As the world saw journalist Yvonne Ridley emerge from a car at the border with Pakistan after ten days in captivity, her friends from the regional press around Britain also watched the story unfold.

The 43-year-old mum was seized by the Taliban authorities after she entered eastern Afghanistan from Pakistan without a visa.

Rumours quickly spread that she was to be put on trial for illegal entry or even for spying.

  • Due home today
  • She told the Daily Express after her release by the Taliban: “The only way I could exercise any right – because as a prisoner I had no rights – was by not eating and that really upset them, which encouraged me.”

    And she told reporters that one of her lowest moments was missing her daughter Daisy’s ninth birthday.

    She started her career at the Stanley News – a weekly paper in County Durham, and had two stints on the Northern Echo and Sunday Sun, as well as working on the Newcastle Journal and Wales on Sunday.

    Her career on the nationals has taken in the Sunday Express, Independent on Sunday, The Observer and News of the World.

    Neil McKay, of the The Journal, worked with Yvonne on the Sunday Sun for five years in the 1980s.

    They are still in touch, speaking quite regularly on the phone.

    Neil said: “I think she will have coped pretty well. Look at the way her mum has coped with all the media attention – she’s 74 – she has coped amazingly well, and Yvonne is a chip off the old block.

    “Once, when we were both working on the Sunday Sun, she had gone out to lunch and came back looking a bit dishevelled.

    “She had seen a man beating up his wife in the shopping centre and had split them up and sent him away with a flea in his ear. She has a sense of courage and a sense of right and wrong.”

    Helen Carter, formerly of the Lincolnshire Echo and now with The Guardian, worked with Yvonne when they were at the News of the World together.

    Helen said: “She’s very resilient and has a strong sense of self-preservation. It doesn’t surprise me at all that she went on hunger strike.

    “The pressure to do what she did was tremendous. As soon as it was reported that John Simpson had got in, all their mobiles went off with the editors asking why they weren’t there too.
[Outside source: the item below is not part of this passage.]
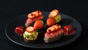 あまりんに模したティラミス。マスカルポーネとクリームチーズを合わせたムースの中にはあまりんのジュレ。真っ赤なグラサージュをかけて、種を白ごまで見立てています。

    “Yvonne has worked in Northern Ireland and the Middle East so she knows what she’s doing and how to handle herself.

    “She looked absolutely haunted on her release – but she would if she’s been on hunger strike, and when she said she was ‘fine’ she looked absolutely drained.

    “Just because she’s a single parent she has been accused of being reckless. But her daughter knows how important her job is to her – she’s cool about it.

    “And although her family live in the north east she’s very close to them.

    “Most of all she’s a brilliant friend, very loyal and doesn’t ask for anything in return for that friendship.”

    Yvonne was expected to fly back to Britain today for a homecoming party with her family.